We matched 1138 patients with SARS-CoV-2 positive testing within 10 days of the anaesthetic to 3396 non-infected controls. The cohort included 56.6% (2568/4534) male patients, 69.9% (2839/4060) White patients, and 63.5% (2879/4533) ASA PS 1-2 patients. General surgery cases comprised 38.4% (1739/4534) of the cohort, followed by orthopaedic surgery at 12.6% (573/4534) and ear, nose, and throat surgery at 8.2% (371/4534). In the overall sample of 4534 patients, 52 had a severe adverse event (0.01%). Children with SARS-CoV-2 had a higher risk of at least one severe adverse event (25/1138 [2.20%] vs 27/3396 [0.80%] in those non-infected; adjusted odds ratio 2.34; 95% confidence interval 1.25-4.39).

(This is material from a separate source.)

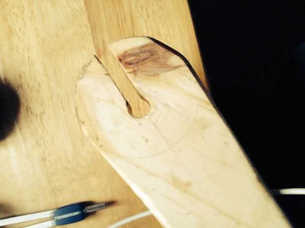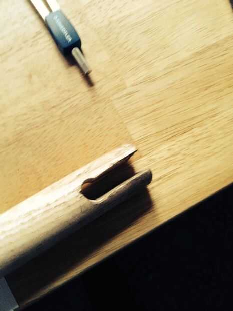 Entonces coge la sierra y vi una ranura con los orificios en línea con la diagonal. Esta ranura será 9 mm por lo que la fricción con la cuerda. Esto evita que la cuerda más en el lugar.

None of the children with SARS-CoV-2 had a cardiac arrest, required extracorporeal life support, or died.

CONCLUSIONS

In the largest cohort to date of paediatric patients undergoing general anaesthesia, SARS-CoV-2 infection was associated with severe perioperative adverse events, but no children in the infected cohort died.

摘要

背景

感染严重急性呼吸综合征冠状病毒2(SARS-CoV-2)的儿童在接受麻醉时发生严重不良事件的发生率尚未明确。我们研究了SARS-CoV-2感染与儿童围手术期严重不良事件之间的关系。

方法

这项多中心(21家北美机构)回顾性队列研究纳入了年龄小于18岁、美国麻醉医师协会身体状况分级(ASA PS)为1-4级且感染非重症SARS-CoV-2的儿童,这些儿童于2020年4月1日至2021年3月31日期间接受全身麻醉。主要结局是麻醉后7天内严重围手术期不良事件(因呼吸支持升级入住重症监护病房、急性呼吸窘迫综合征、术后肺炎、心血管骤停、体外生命支持和死亡)的发生率,采用多变量分析并通过倾向评分进行治疗权重的逆概率分析。倾向评分混合效应模型纳入了预先选定的变量。治疗权重的逆概率用于保留所有数据,同时在测量的混杂因素上平衡暴露组。

结果

我们将麻醉前10天内SARS-CoV-2检测呈阳性的1138例患者与3396例未感染对照进行匹配。该队列包括56.6%(2568/4534)的男性患者、69.9%(2839/4060)的白人患者以及63.5%(2879/4533)的ASA PS 1-2级患者。普通外科手术病例占队列的38.4%(1739/4534),其次是骨科手术,占12.6%(573/4534),耳鼻喉科手术占8.2%(371/4534)。在4534例患者的总体样本中,52例发生严重不良事件(0.01%)。感染SARS-CoV-2的儿童发生至少一项严重不良事件的风险更高(25/1138 [2.20%] 对比未感染儿童中的27/3396 [0.80%];校正优势比2.34;95%置信区间1.25-4.39)。感染SARS-CoV-2的儿童中无人发生心脏骤停、需要体外生命支持或死亡。

结论

在迄今为止接受全身麻醉的儿科患者最大队列中,SARS-CoV-2感染与围手术期严重不良事件相关,但感染队列中无儿童死亡。